From the sound of it it’s likely that they are all kicking themselves for missing it and won’t next year.


Ted… Your post reads much like a post for somebody who went to NorwestCon. “I had a great time! I saw this person do a panel. Then I talked with these other guys about possibly developing software for the as of yet unreleased iPad. Then I watched my co-workers do their yearly performance.”

Seriously, where’s the product announcements? Where are your observations on the companies that were presenting at Macworld Expo? Where is the in depth journalism?

Ted Landau

Seriously, where?s the product announcements? Where are your observations on the companies that were presenting at Macworld Expo? Where is the in depth journalism?

I understand your point. However, I viewed my article in the context of it being part of the entire Mac Observer site. Other articles on the site cover product announcements quite well. If I did this again, I could see someone critiquing the article as repeating the info. As to in-depth evaluations, I can hardly do this when I barely had time to see more than a quick demo.
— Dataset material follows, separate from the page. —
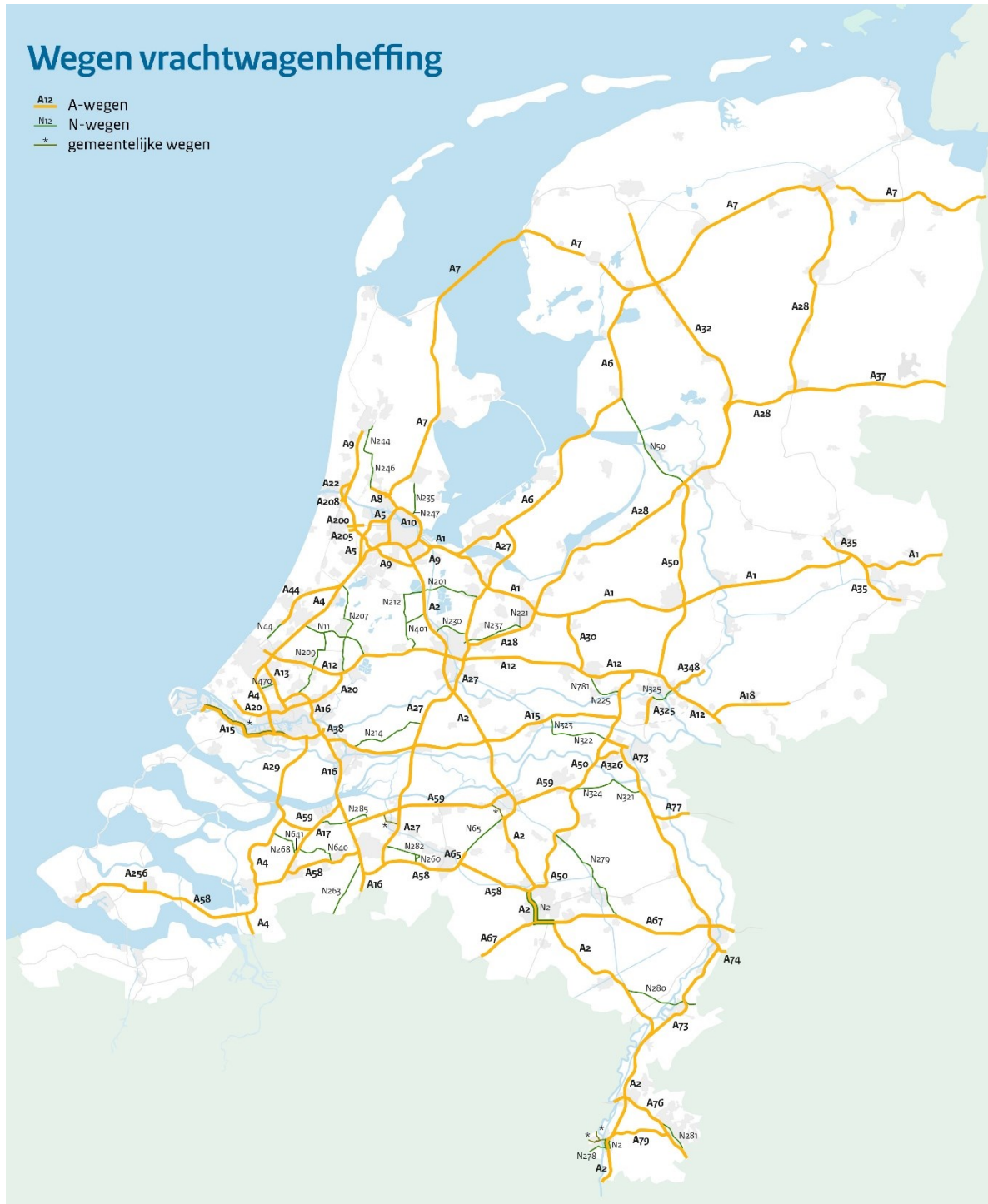
Figuur 2: Heffingsnetwerk van Nederland

Mainly, I wanted to address the issue, important to many readers here I believe, as to whether or not the Expo came off as “successful” and what that may portend for next year. Sorry if that was not what you wanted to read about.


whether or not the Expo came off as ?successful?
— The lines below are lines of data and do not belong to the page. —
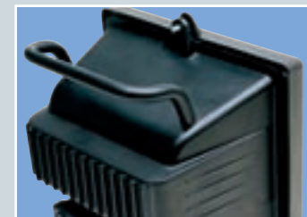
Stabiler, thermisch entkoppelter Alu-Handgriff auf der Rückseite - auch bequem mit Handschuhen bedienbar.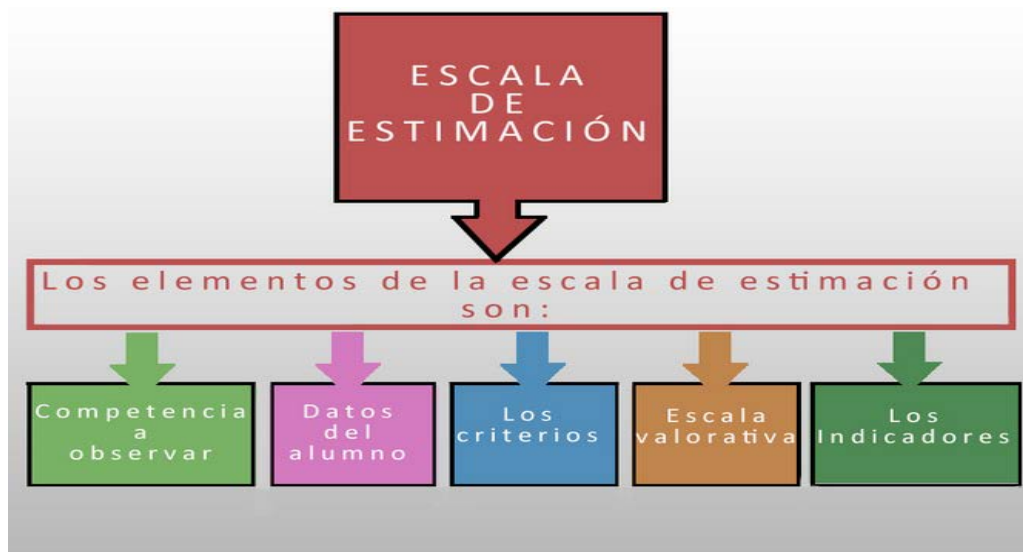
Figura 5. Elementos de la escala de estimación.

Los elementos a tener presentes en la escala de estimación son los que aparecen en la figura 5: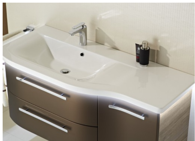
Contea - Alape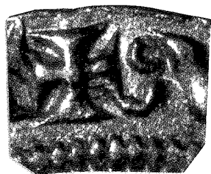
Macro du revers : signe initial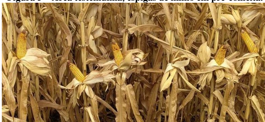
Figura 5 – Área testemunha, espigas de milho em pré-colheita.

Uma particularidade para essas elevadas quebras produtivas é o fato de que diferente de uma situação em que todas as plantas da lavoura foram desfolhadas por granizo ou danificadas pela geada, no experimento, apenas algumas parcelas eram cortadas, simulando os danos. Logo, plantas novas ficaram muito mais sensíveis ao ataque de pragas, como cigarrinha e percevejo, pois o corte deixa os tecidos da planta exposto e também sem as folhas não realizam fotossíntese, resultando em menos energia para produzir compostos para defesa. É de conhecimento o hábito migratório da Dalbulus maidis de plantas mais velhas para plantas mais novas, o que pode ter favorecido para os baixos tetos produtivos.

You know what would tell me if Macworld Expo was successful? Some actual product announcements.

Macworld Expo is billed as a consumer’s Expo, everything announced there is a shipping product that you can buy right away! As opposed to CES, which often debuts new technologies looking for a production partner to deliver to consumers over the next year or so.

Other articles on the site cover product announcements quite well.
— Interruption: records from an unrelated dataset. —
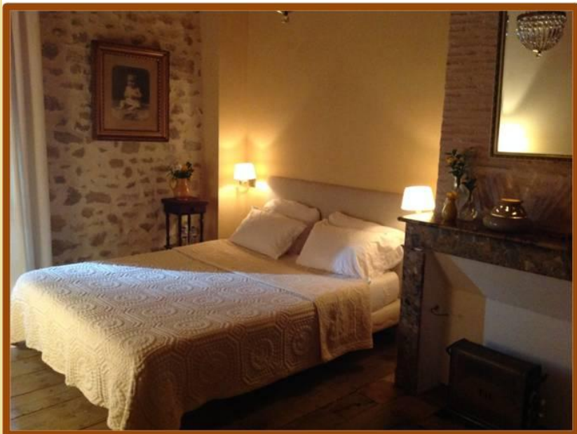
1x ruime 2-persoons slaapkamer (30m 2 )

Gîte Magnolia 1 er & 2 de etage www.domainecharente.com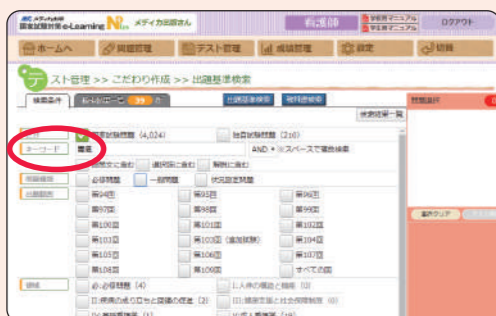
1 「胃癌」という単語が入っている問題を検索、39件ヒット。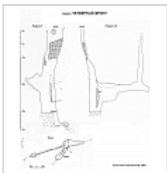
4-й фронт съемка План и разрезы пещеры 4-й фронт. Автор Власенко В.В. 1983г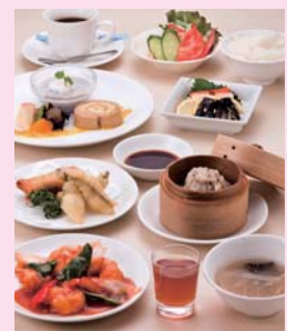
レディースランチ 税込1,575円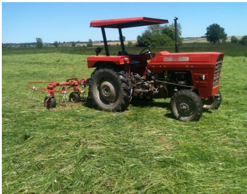
Slika 4. Traktor IMT 540

Traktor IMT 560 , snage je 42 kW, radi na poslovima košnje, sakupljanja, transporta bala, zatvaranja brazde, tj na poslovima koji zahtijevaju manje snage i koje je on u mogućnosti obavljati bez većih naprezanja.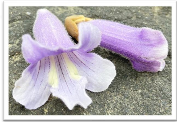
三島町の特産桐の花

制作：福島県大沼郡三島町立三島小学校6年 問い合わせ先 0241-52-2442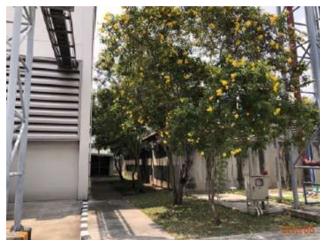
ภาพที่ 2-6 ไม้ยืนต้นบริเวณของเขตพื้นที่โครงการ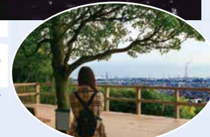
デートスポットとしても人気! また来たいな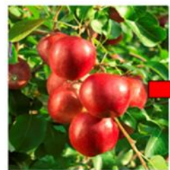
Aziende agricole Produzione primaria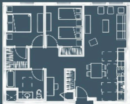
2 habitaciones/1 baño, 820 pies cuadrados

Really? Why didn’t you take this view with your previous three articles on the iPad?

Homer J. Simpson

This year’s Macworld is not good at all. There are very few vendors and most of them have nothing to sell AT the show itself. I asked a bunch of people at various booths about their products and most of them said the information was available on-line at their web site. If that’s the case then what’s the point of them being there? There was a reasonable sized crowd in the North Hall (the only hall) but I heard a lot of grumbling about “is this all there is?” as people followed the rest of the herd towards the exit. The most popular spots were at the food vendors with places to sit. The Macworld is dead. It just hasn’t been buried yet.


This was my 15th or 16th MacWorld, missing last year, and I had a blast. The crowds were substantial but not so thick that you could hardly move, and probably more attendees than most expected.  Exhibitors were friendly and had a lot to show, but some had run out of products and were offering free shipping for immediate orders or online sales. I was fascinated and amazed by many of the products I saw displayed, and purchased several myself. And some booths were so busy it took a few minutes to get someone to take your money.

I enjoyed the panel discussions and demos I saw, and think IDG did a good job overall, but agree with Ted about the mobile apps area. Not only was it too much for 4 companies on a small table, but those tables were too close together, while there was a lot of space between the small developer kiosks at the other end of the hall. I will definitely be back next year for, as one panelist forecast, iPad World.

So my MacWorld experience was very good. I guess that’s why there’s that expression: Your Mileage May Vary.